The NVIDIA Jetson, Tenstorrent, and NVIDIA readers were creating new System::new() instances on every get_process_info() call. In API mode, this runs every interval indefinitely, leaking /proc file descriptors each cycle.

Changes

NVIDIA Jetson (src/device/readers/nvidia_jetson.rs)

  • Line 176: get_process_info() now uses with_global_system()
  • Line 261: get_gpu_processes() helper now uses with_global_system()
  • Removed unused use sysinfo::System; import

Tenstorrent (src/device/readers/tenstorrent.rs)

  • Line 201: get_process_info() now uses with_global_system()
  • Removed unused use sysinfo::System; import

NVIDIA (src/device/readers/nvidia.rs)

  • Removed system: Mutex<System> field from NvidiaGpuReader struct
  • Migrated get_process_info() to use with_global_system() for consistency with the rest of the codebase

Approach

Uses the with_global_system() function from src/utils/system.rs which provides a global Mutex<System> instance (GLOBAL_SYSTEM).
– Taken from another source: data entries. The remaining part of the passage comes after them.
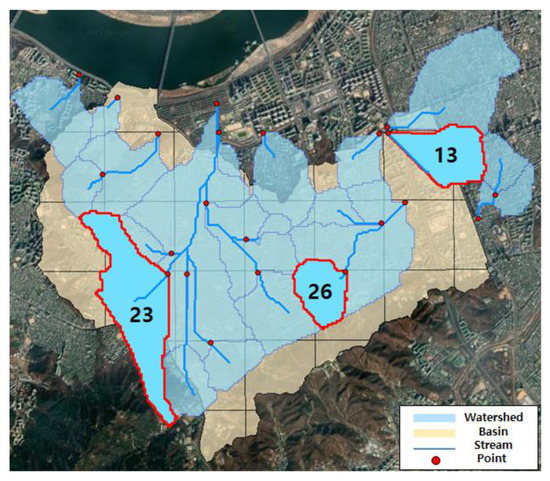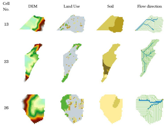 Figure 9 is the result of the Huff third-percentile rainfall distribution for 3 h, and Figure 10 is the construction data for DEM, land use, and soil map, which are input into the S-RAT model. The resolution of GIS topographic data used in this analysis was 30 × 30 m. For Figure 11, the result of dividing the watershed by the minimum elevation of each cell at Sadang Station exit is shown, with cells 13, 23, and 26 in red, indicating flood damage. The discharge computed here is the inland inflow rate of the flood inundation model and is used as the input value of flood analysis.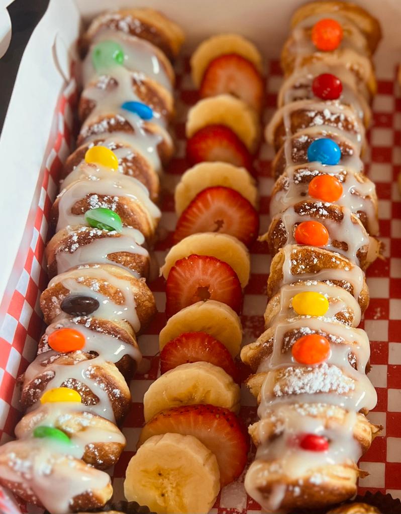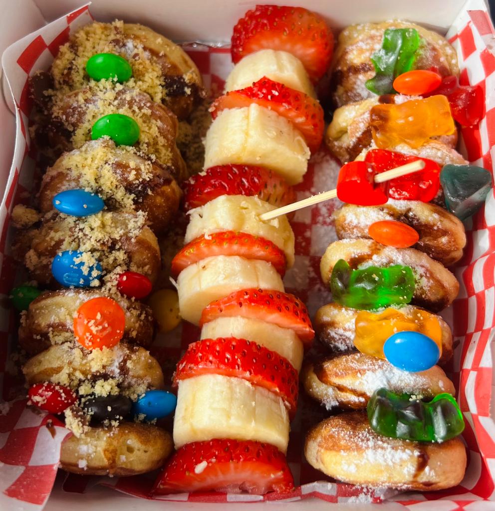 Mini pancakes con 3 toppings a elección y azúcar pulverizada, también le puedes adicionar más toppings por un costo adicional de 2.500.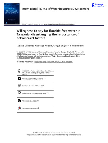 Willingness to pay for fluoride-free water in Tanzania: disentangling the importance of behavioural factors.
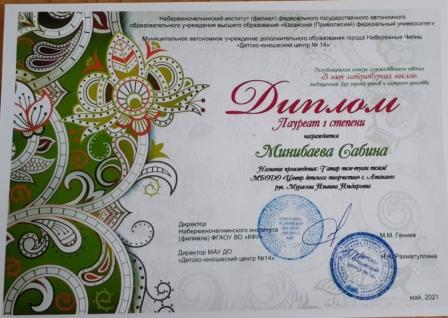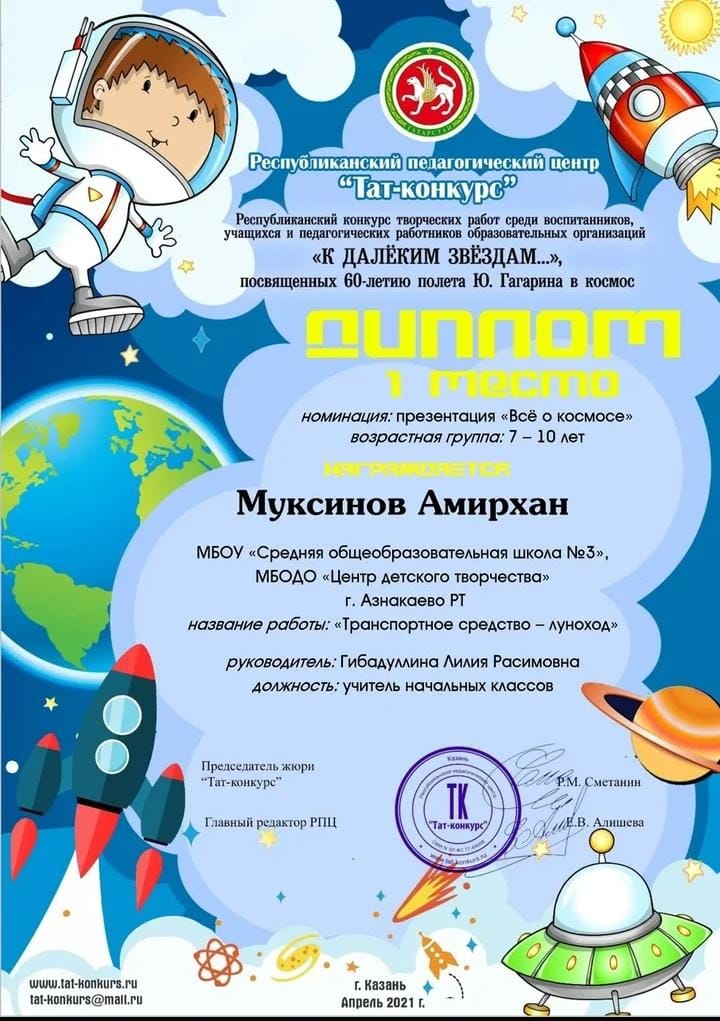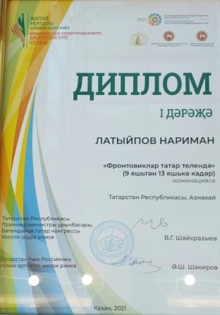 1 место в Республиканском конкурсе "Джалилевские чтения" (Латыпов Н.)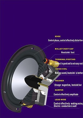 As for cone type woofer, high pass threshold frequency is decided weight of the diaphragm and the mass of voice coil, by stiffness of the diaphragm point. ”Qurino” not to be to process simply as woofer,” because it develops, full-range speaker” as high pass threshold frequency is designed in order to become very high.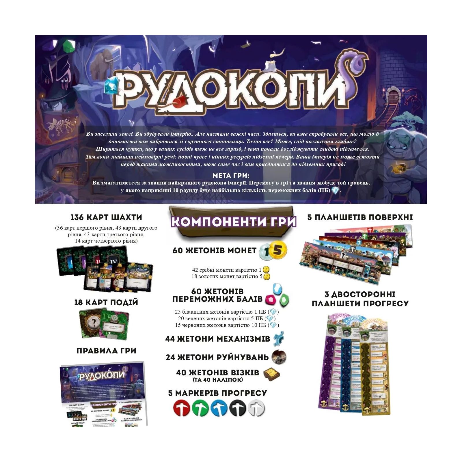 Настільна гра Rozum Рудокопи — це яскрава та цікава настільна гра, у якій ви зможете створити свою унікальну шахту, використовуючи різноманітні карти та стратегії. Вам вдалося збудувати прекрасну імперію на землі, заселивши багато земель. Але настали часи скрути, і, щоб вибратися з неї, ви пішли по допомогу до своїх підземних друзів. Вони розповіли вам про глибокі печери, наповнені скарбами та купою ресурсів. Вам одразу закортіло побувати там і спробувати допомогти імперії... Рухайтеся за шкалою прогресу, отримуйте бонуси та створюйте неймовірні комбінації. Завдяки швидкому ігровому процесу, гарним ілюстрація та простим правилам, Рудокопи ідеально підходять для гри як у колі друзів, так і з родиною.

This is the standard pattern already used by:

  • AMD reader (src/device/readers/amd.rs:583-585)
  • Apple Silicon reader (src/device/readers/apple_silicon_native.rs:388)
  • Local collector (src/view/data_collection/local_collector.rs:304, 433)

Testing

  • ✅ Code compiles successfully with cargo build
  • ✅ All three readers now use the same consistent pattern as other readers in the codebase
  • ✅ No functional changes to the API, only internal optimization

Closes #120

Replace per-call System::new() instances with with_global_system() to prevent file descriptor leaks in API mode (long-running metrics loop).

Changes:
- NVIDIA Jetson (nvidia_jetson.rs):
  - Line 176: get_process_info() now uses with_global_system()
  - Line 261: get_gpu_processes() helper now uses with_global_system()
- Tenstorrent (tenstorrent.rs):
  - Line 201: get_process_info() now uses with_global_system()
- NVIDIA (nvidia.rs):
  - Removed system: Mutex<System> field from struct
  - Migrated get_process_info() to use with_global_system() for consistency

This follows the standard pattern already used by AMD reader, Apple Silicon reader, and local collector.

Fixes #120
@inureyes
Copy link
Member Author

inureyes commented Feb 8, 2026

Security & Performance Review

Analysis Summary

  • PR Branch: fix/120-fd-leak-jetson-tenstorrent (all analysis performed here)
  • Scope: changed-files with full-context cross-reference
  • Languages: Rust
  • Total issues: 0 actionable (1 pre-existing observation noted below)
  • Critical: 0 | High: 0 | Medium: 0 | Low: 0

Review Checklist

Security

  • No security vulnerabilities introduced
  • No new unsafe blocks
  • No new external input handling
  • No hardcoded credentials or secrets
  • No command injection vectors

Performance - Global System Pattern

  • with_global_system() correctly applied in all three readers (nvidia.rs, nvidia_jetson.rs, tenstorrent.rs)
  • No nested with_global_system() calls that could deadlock -- all uses are sequential within each call chain
  • Mutex contention analysis: In local_collector.rs, GPU reader get_process_info() (which now uses with_global_system) runs concurrently with the "full process collection" task (which also uses with_global_system). This introduces contention on GLOBAL_SYSTEM, but NOT deadlock -- one task will simply wait for the other. This is acceptable and consistent with the existing AMD reader behavior.
  • Lock hold duration is appropriate -- only held during process refresh and data extraction, then released
  • No System::new() calls remain in any of the three changed files

Correctness

  • All System::new() calls properly replaced with with_global_system()
  • NVIDIA reader: system: Mutex<System> field correctly removed from struct, constructor, and usage
  • Jetson reader: Both get_process_info() (line 179) and get_gpu_processes() fallback path (line 261) correctly use with_global_system()
  • Tenstorrent reader: get_process_info() correctly uses with_global_system()
  • use sysinfo::System; import correctly removed from all three files
  • with_global_system import correctly added to all three files
  • Code compiles cleanly (cargo check passes)
  • No clippy warnings (cargo clippy -- -D warnings passes)
  • All 19 tests pass

Code Quality

  • Consistent pattern with existing AMD and Apple Silicon readers
  • No unused imports
  • Comments properly updated to reflect the new pattern
  • Proper scoping of use sysinfo::{...} imports within functions

Pre-existing Observation (Not Introduced by This PR)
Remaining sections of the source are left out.